● Listed records:
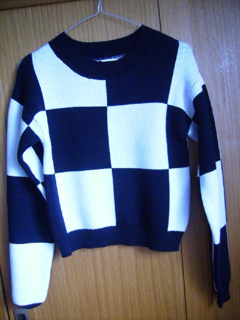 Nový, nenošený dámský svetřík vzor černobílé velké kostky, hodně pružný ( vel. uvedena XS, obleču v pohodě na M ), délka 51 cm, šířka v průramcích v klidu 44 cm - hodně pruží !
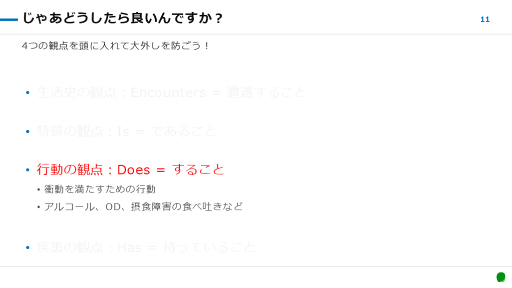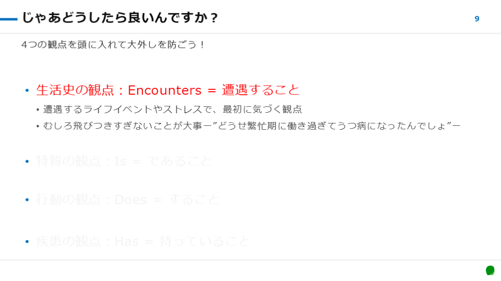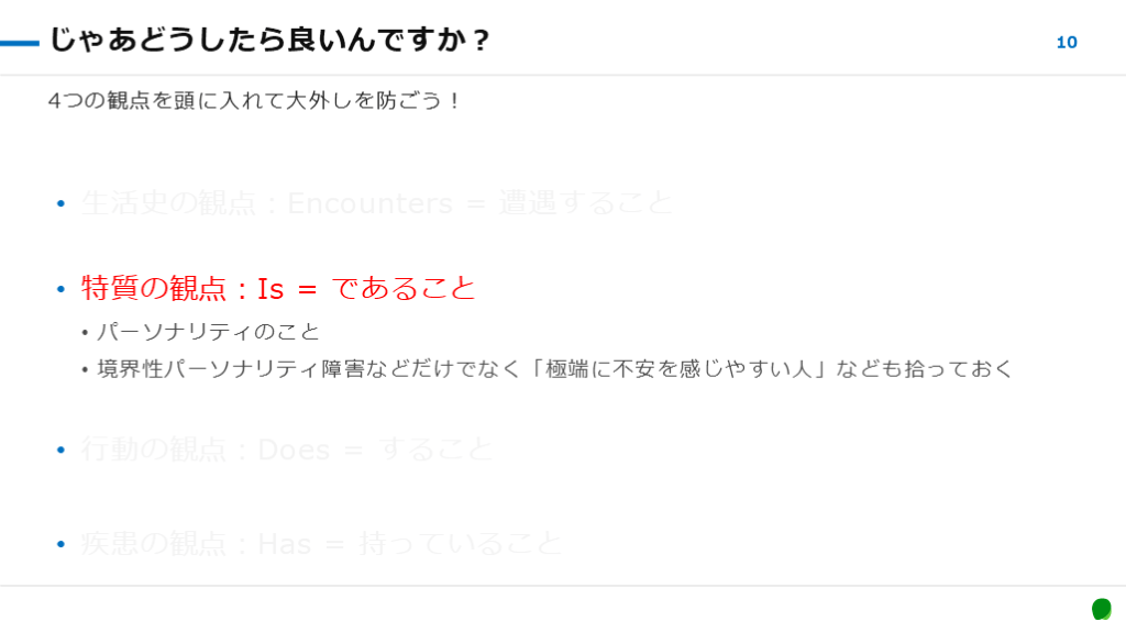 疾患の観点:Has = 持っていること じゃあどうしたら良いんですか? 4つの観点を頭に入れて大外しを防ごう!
* * *
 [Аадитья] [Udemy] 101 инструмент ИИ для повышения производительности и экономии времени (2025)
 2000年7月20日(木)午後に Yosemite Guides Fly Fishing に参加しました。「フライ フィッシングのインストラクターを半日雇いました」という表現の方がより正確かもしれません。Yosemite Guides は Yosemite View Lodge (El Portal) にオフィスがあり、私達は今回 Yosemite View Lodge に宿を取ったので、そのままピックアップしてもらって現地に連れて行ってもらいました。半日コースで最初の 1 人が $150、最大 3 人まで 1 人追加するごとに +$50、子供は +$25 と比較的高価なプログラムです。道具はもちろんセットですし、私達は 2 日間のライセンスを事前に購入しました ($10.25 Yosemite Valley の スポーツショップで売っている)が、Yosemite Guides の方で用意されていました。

● Exercise goal: Word for word, repeat the lines above from the one with "Nový, nenošený dámský" through the one with "疾患の観点:Has = 持っていること", and nothing beyond them. Omit the pictures.

● Exercise response:
 Nový, nenošený dámský svetřík vzor černobílé velké kostky, hodně pružný ( vel. uvedena XS, obleču v pohodě na M ), délka 51 cm, šířka v průramcích v klidu 44 cm - hodně pruží !
 疾患の観点:Has = 持っていること じゃあどうしたら良いんですか? 4つの観点を頭に入れて大外しを防ごう!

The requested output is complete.